Walkthrough: Making scatterplots
(15 minutes)
Now that we’ve had some practice making one-dimensional histograms, let’s
make a two-dimensional histogram. Let’s see if we can take the same approach
that we did for Exercise 1. To make a 1-D histogram we used
Histo1D
; when I look at the RDataFrame web page
I see there’s a Histo2D
method. So it’s obvious that it should be something like:
hist2dim = dataframe.Histo2D("ebeam","px");
hist2dim->Draw();
canvas.Draw();
hist2dim = dataframe.Histo2D("ebeam","px")
hist2dim.Draw()
canvas.Draw()
Give it a try!
Hey, what’s happening? Am I being sneaky again?
Not this time. This one of those (fortunately rare) cases where ROOT is not
uniform in its approach. In order to make a 2D histogram with RDataFrame
, you have to supply
the same parameters to Histo2D
as if you were to create such a
histogram “by hand.”
If you look up TH2D, in analogy
with TH1D, you’ll see that the
arguments to TH2D
are something like:
hist2d = TH2D("name","title",nxbins,xlo,xhi,nybins,ylo,yhi)
where:
"name"
is the ROOT name of the histogram;"title"
is the title of histogram, which is shown at the top of the plot;nxbins
is the number of bins on the x-axis;xlo
is the lower limit of the x-axis of the plot;xhi
is the upper limit of the x-axis of the plot;nybins
is the number of bins on the y-axis;ylo
is the lower limit of the y-axis of the plot;yhi
is the upper limit of the y-axis of the plot.
When using RDataFrame
, you have explicitly supply these values to Histo2D
like this:
Histo2D(("name", "title", nxbins, xlo, xhi, nybins, ylo, yhi),"ebeam","px")
Here’s how it looks in the actual code, specifying the TH2D
parameters in an
initializer list in the respective languages:
hist2dim = dataframe.Histo2D({"hist2dim", "ebeam vs px", 100, 149, 151, 100, -20, 20},"ebeam","px");
hist2dim->Draw();
canvas.Draw();
hist2dim = dataframe.Histo2D(("hist2dim", "ebeam vs px", 100, 149, 151, 100, -20, 20),"ebeam","px")
hist2dim.Draw()
canvas.Draw()
Give it a try!
Note
This is a scatterplot, a handy way of observing the correlations between
two variables. The Histo2D
command interprets the last two variables as
“x”,“y” to define which axes to use.
It’s easy to fall into the trap of thinking that each (x,y) point on a scatterplot represents two values in your n-tuple. The scatterplot is a grid; each square in the grid is randomly populated with a density of dots proportional to the number of values in that square.
This leads to the question: How did I know the values for xlo
, xhi
, ylo
, and yhi
in the
above examples? The answer is that I made 1-D plots for the variables so I knew their range,
then used those values for the 2-D axis limits.1\(^,\)2
Now that you have the recipe, try making scatterplots of different pairs of variables. Do you see any correlations?
Note
If you see a shapeless blob on the scatterplot, the variables are likely
to be uncorrelated; for example, plot px
versus py
. If you see a
pattern, there may be a correlation; for example, plot pz
versus
zv
. It appears that the higher pz
is, the lower zv
is, and
vice versa. Perhaps the particle loses energy before it is deflected in
the target.

Figure 51: https://xkcd.com/552/ by Randall Munroe
- 1
There’s another obvious question: Why is this necessary?

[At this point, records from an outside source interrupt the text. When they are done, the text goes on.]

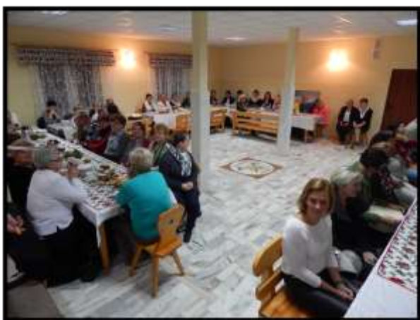
Podsumowanie „Mój ogród kwiatowy”
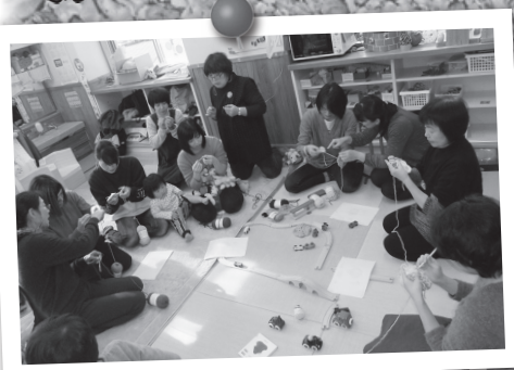
▲日野ボランティアネットワークの皆さんと編み物体験♪
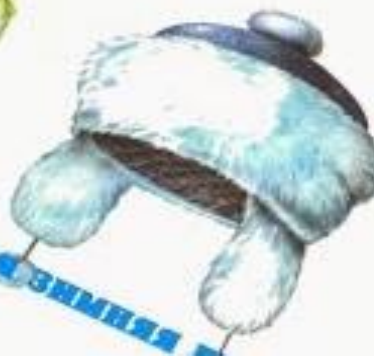
Дамская зимняя шапка

The
Histo1D
method is able to automatically determine the scale of its single x-axis; why can’tHisto2D
do the same for its axes?I hunted for the reason, and finally asked the question on the ROOT Forums. The answer has to do with being able to use
RDataFrame
with multiple threads, a subject I address in the intermediate topics section. While running with multiple execution threads, the ROOT developers can make automatic scaling ofHisto1D
work, but they haven’t figured out how to make automatic axis scaling work withHisto2D
(orHisto3D
, for that matter).The lesson here: Even though
RDataFrame
is generally easier to use (yes, really!) than the techniques described in The C++ Path or The Python Path, there are still times when you have deal with ROOT’s peculiarities.- 2
You can also explicitly specify the parameters when creating a 1-D histogram; e.g.,
hist1 = dataframe.Histo1D(("h1", "ebeam", 100, 149, 151),"ebeam")
You might want to do this if you want to override the automatic histogram limits, or you want to set the histogram title.